The Emera Brunswick Pipeline Co. Ltd. (EBPC), a subsidiary of Emera Inc., received a favorable environmental assessment report from Canada's National Energy Board (NEB) last week on its proposed 145-kilometer (90-mile) pipeline, which will deliver natural gas from the planned Canaport liquefied natural gas (LNG) import terminal near Saint John, NB, to markets in Canada and the U.S. Northeast.

The main finding of the report is that the Brunswick Pipeline is not likely to result in "significant adverse environmental effects" provided EBPC meets all of its environmental commitments, and all of the NEB's recommendations are implemented. This finding is contingent on the project receiving regulatory approval. As part of the report, the NEB said EBPC would be required to consult stakeholders on the construction and reclamation plan for Rockwood Park.

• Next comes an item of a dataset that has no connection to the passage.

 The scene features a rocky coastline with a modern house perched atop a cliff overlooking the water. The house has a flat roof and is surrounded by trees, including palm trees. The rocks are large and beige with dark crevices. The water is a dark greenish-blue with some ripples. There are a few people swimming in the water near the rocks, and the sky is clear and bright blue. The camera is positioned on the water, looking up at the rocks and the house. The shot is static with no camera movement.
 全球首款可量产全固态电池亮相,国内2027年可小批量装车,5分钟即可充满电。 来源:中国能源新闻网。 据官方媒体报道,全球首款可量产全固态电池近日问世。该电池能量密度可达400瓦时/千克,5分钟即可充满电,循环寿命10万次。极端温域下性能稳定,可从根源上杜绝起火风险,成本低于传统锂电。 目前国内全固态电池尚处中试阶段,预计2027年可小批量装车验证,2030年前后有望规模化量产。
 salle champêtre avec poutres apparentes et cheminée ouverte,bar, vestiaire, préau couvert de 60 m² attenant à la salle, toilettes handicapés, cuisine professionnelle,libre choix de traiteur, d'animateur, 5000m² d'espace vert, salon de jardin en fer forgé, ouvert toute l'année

A government response will now be prepared, and this will require Cabinet approval, the board said. The conclusions outlined in the report combined with the government response will be considered by the NEB as it makes its regulatory decision under the National Energy Board Act to either approve or deny the application.

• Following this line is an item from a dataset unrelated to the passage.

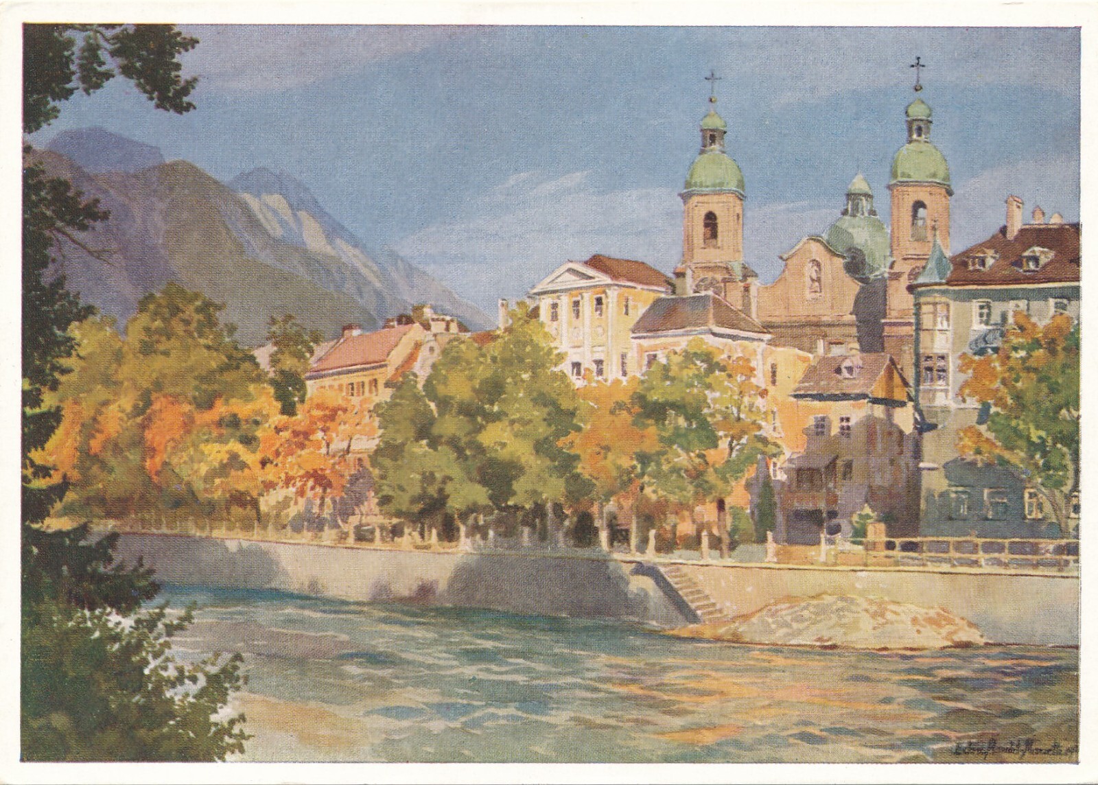 AK, Innsbruck, Partie am Inn mit Pfarrkirche, Tirol (S1556)
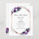 Save the Date Purple Floral geometric frame for your special day announcement budget card. This is part of the purple wedding and bridal shower collection with this design if you're one that loves to match your invitations, party supplies and gift accessories.

Last year, Emera Inc. said it will invest approximately $350 million for full ownership of the proposed pipeline, which will travel through southwest New Brunswick and connect with the U.S. portion of the Maritimes & Northeast Pipeline at the international border near Baileyville, ME. Emera has been an investor in Maritimes since its inception in 1999. Brunswick Pipeline will have a diameter of 30 inches and will be capable of carrying approximately 850 MMcf/d of regasified LNG. Capacity can be expanded with added compression. If approved, construction is planned to begin in 2007 and be completed by late 2008.

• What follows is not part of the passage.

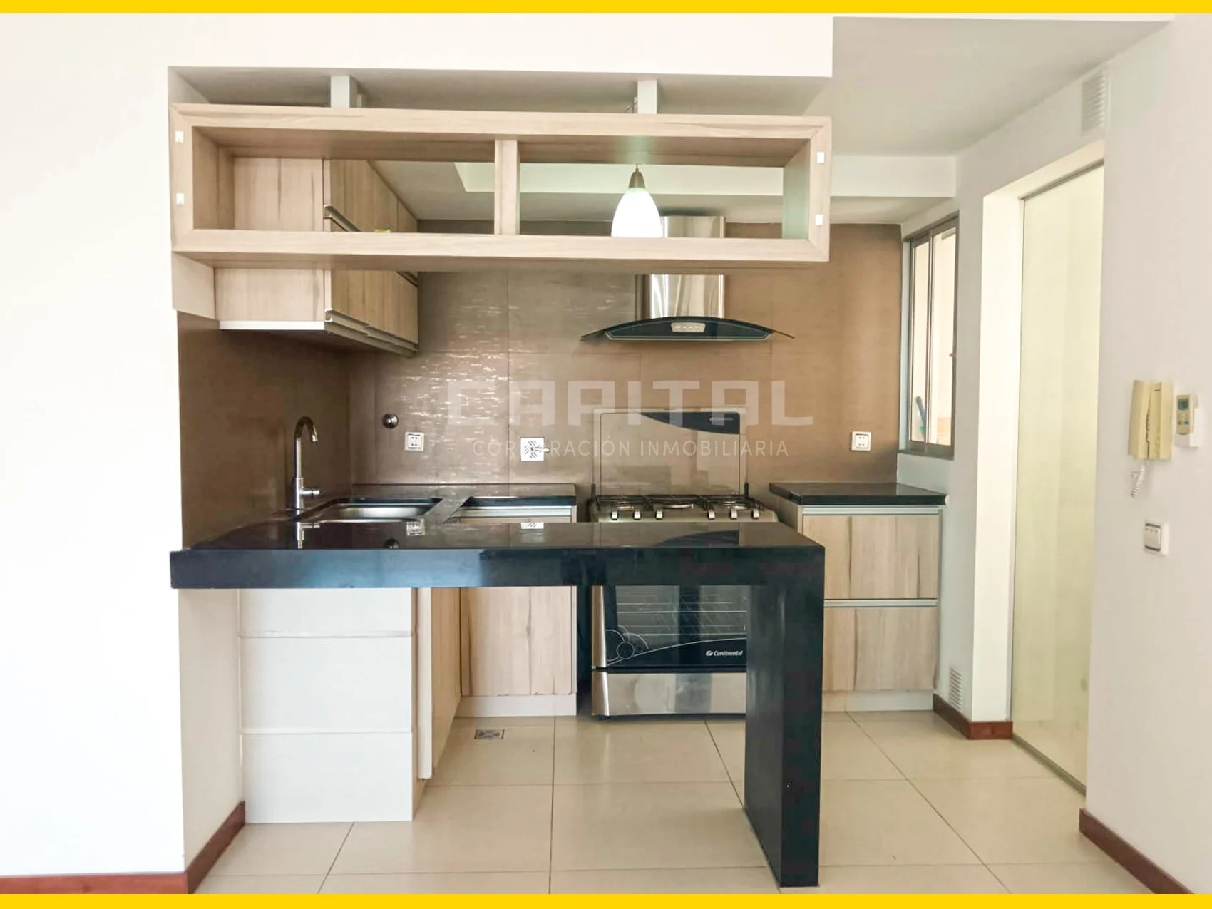 ✅ Moderna cocina americana equipada con muebles altos y bajos, cocina, horno y refrigerador ????????

Canaport LNG project sponsors Repsol YPF and Irving Oil awarded the onshore and offshore engineering, procurement and construction contracts and issued the final notice last May to proceed with construction (see NGI, May 22, 2006). Canaport is poised to be the first new LNG receiving terminal on the East Coast of North America in decades. In February, FERC issued a favorable environmental review of Maritimes & Northeast Pipeline LLC's Phase IV compression and pipeline expansion in Maine that would support the Canaport terminal (see NGI, Feb. 19).

While the Canaport LNG terminal and associated pipe projects continue to move forward, the possibility of Canadian LNG reaching U.S. markets has recently gotten a little murky. Attorneys for Quoddy Bay LNG LLC late last month called on FERC to bar U.S. transportation of natural gas from the Canaport terminal until the Canadian government has withdrawn its threat to block U.S.-bound LNG tankers from traversing its waters (see NGI, April 2).